GENOME-WIDE COMPARATIVE ANALYSIS OF DIFFERENTIALLY REGULATED GRAPE TRANSCRIPTOME IN RESPONSE TO XYLELLA FASTIDIOSA INFECTION

Authors: Lin, Hong; TAKAHASHI, YURI - UNIV OF CALIF-DAVIS; DODDAPANENI, HARSHAVARDHAN - UNIV OF CALIF-DAVIS; WALKER, ANDREW - UNIV OF CALIF-DAVIS

Submitted to: Meeting Proceedings
Publication Type: Proceedings
Publication Acceptance Date: 6/12/2005
Publication Date: N/A
Citation: N/A

Interpretive Summary: Pierce's disease is an economically serious disease of grapevines caused by the plant pathogenic bacterium Xylella fastidiosa. Currently there are no strategies available to effectively manage this disease. Accordingly, the most likely strategy to manage Pierce's disease is through genetic resistance. Although genetic resistance or tolerance to Pierce's disease occurs in some grape species, this resistance or tolerance has not been incorporated into commercial Vitis vinifera wine, table and grape cultivars. In this study, unique DNA sequences differentially expressed in stems, leaves and shoots of infected and non-infected Pierce's disease-susceptible and -resistant grapes were identified. This information will help define which metabolic pathways are involved in determining grape host susceptibility and resistance to Pierce's disease for developing commercially resistant grape cultivars.
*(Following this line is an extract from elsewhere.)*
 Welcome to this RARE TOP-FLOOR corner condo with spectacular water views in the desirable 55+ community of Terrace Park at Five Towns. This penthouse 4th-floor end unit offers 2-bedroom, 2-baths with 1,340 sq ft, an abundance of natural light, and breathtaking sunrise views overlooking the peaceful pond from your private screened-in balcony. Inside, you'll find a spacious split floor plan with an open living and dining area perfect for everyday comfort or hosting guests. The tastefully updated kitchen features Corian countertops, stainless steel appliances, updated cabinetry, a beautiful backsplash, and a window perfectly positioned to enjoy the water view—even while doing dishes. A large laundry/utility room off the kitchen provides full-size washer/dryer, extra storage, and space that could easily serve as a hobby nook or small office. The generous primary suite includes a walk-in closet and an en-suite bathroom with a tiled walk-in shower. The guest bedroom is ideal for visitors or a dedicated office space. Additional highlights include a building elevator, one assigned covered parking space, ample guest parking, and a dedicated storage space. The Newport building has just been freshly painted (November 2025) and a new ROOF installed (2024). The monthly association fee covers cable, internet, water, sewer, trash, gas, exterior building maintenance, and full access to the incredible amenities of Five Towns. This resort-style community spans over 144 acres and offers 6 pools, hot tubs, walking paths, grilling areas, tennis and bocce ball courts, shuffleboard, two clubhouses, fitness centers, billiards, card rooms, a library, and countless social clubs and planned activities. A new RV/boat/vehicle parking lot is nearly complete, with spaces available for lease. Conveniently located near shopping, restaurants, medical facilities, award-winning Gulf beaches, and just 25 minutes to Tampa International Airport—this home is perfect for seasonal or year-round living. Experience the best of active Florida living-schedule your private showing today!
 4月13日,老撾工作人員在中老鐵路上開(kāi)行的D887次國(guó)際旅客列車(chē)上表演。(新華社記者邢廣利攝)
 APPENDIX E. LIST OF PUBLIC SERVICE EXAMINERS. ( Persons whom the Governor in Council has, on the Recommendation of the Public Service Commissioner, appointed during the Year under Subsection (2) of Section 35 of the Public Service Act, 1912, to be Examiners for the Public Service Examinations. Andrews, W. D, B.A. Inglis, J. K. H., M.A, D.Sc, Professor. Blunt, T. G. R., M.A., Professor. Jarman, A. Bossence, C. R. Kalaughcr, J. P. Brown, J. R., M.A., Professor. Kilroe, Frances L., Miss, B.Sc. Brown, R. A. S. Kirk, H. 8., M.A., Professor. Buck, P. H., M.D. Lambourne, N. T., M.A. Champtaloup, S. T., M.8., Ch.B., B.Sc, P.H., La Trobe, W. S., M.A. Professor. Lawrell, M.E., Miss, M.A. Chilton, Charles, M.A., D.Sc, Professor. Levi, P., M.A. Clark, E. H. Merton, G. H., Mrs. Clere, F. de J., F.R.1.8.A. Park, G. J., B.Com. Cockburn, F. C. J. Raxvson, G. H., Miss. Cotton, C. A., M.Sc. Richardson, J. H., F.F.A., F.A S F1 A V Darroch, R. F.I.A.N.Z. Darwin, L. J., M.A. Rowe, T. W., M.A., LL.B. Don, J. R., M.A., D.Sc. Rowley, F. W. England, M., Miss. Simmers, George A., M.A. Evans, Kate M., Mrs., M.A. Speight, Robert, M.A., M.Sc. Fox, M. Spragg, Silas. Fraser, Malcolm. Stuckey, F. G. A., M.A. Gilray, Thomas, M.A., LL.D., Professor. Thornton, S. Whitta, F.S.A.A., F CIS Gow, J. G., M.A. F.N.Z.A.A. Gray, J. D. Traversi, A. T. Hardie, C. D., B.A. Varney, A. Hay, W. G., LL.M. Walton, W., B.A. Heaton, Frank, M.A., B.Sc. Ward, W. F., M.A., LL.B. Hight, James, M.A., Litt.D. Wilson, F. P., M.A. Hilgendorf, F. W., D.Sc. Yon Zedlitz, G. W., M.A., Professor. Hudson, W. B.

Technical Abstract: The gram-negative bacterium Xylella fastidiosa (Xf) is the causal agent of Pierce's disease (PD) in grape as well as diseases of many fruit and ornamental plants. Twelve tissue specific subtractive suppression hybridization cDNA libraries were constructed from stem, leaf and shoot of PD resistant and susceptible sibling genotypes (V. rupestris x V. arizonica) in response to Xf infection. A total of 5,700 sequences were obtained from these cDNA libraries. The average size of the EST was 282 bp. Of them, 754 Expressed Sequence Tags (ESTs) showed BLASTX analysis (E<=0.00001) and 439 ESTs showed (E=0.0001-0.009) match to NCBI databases and the rest ~32 % of the sequences have not been previously described. Subsequent contiging of these ESTs help derive 993 contigs and 949 singletons. The percentage of unique sequences in each library varied from 19.3 to 74.5 %. Comparative analysis showed significant variation in EST expression levels between infected and non-infected PD resistant and PD susceptible grapes. Using Gene Ontology (GO) hierarchy the non-redundant sequences were classified into the three principal categories: molecular function (30%), cellular component (9%) and biological process (7%). Ten candidate genes, associated with host/pathogen interactions, were further selected for Taq-Man gene expression analysis. Currently we are designing genome-wide 60-mer oligonucelotide microarrays to dissect spatial and temporal differential expression. This approach will help define the transcriptional pathways involved in host susceptibility and resistance in grape.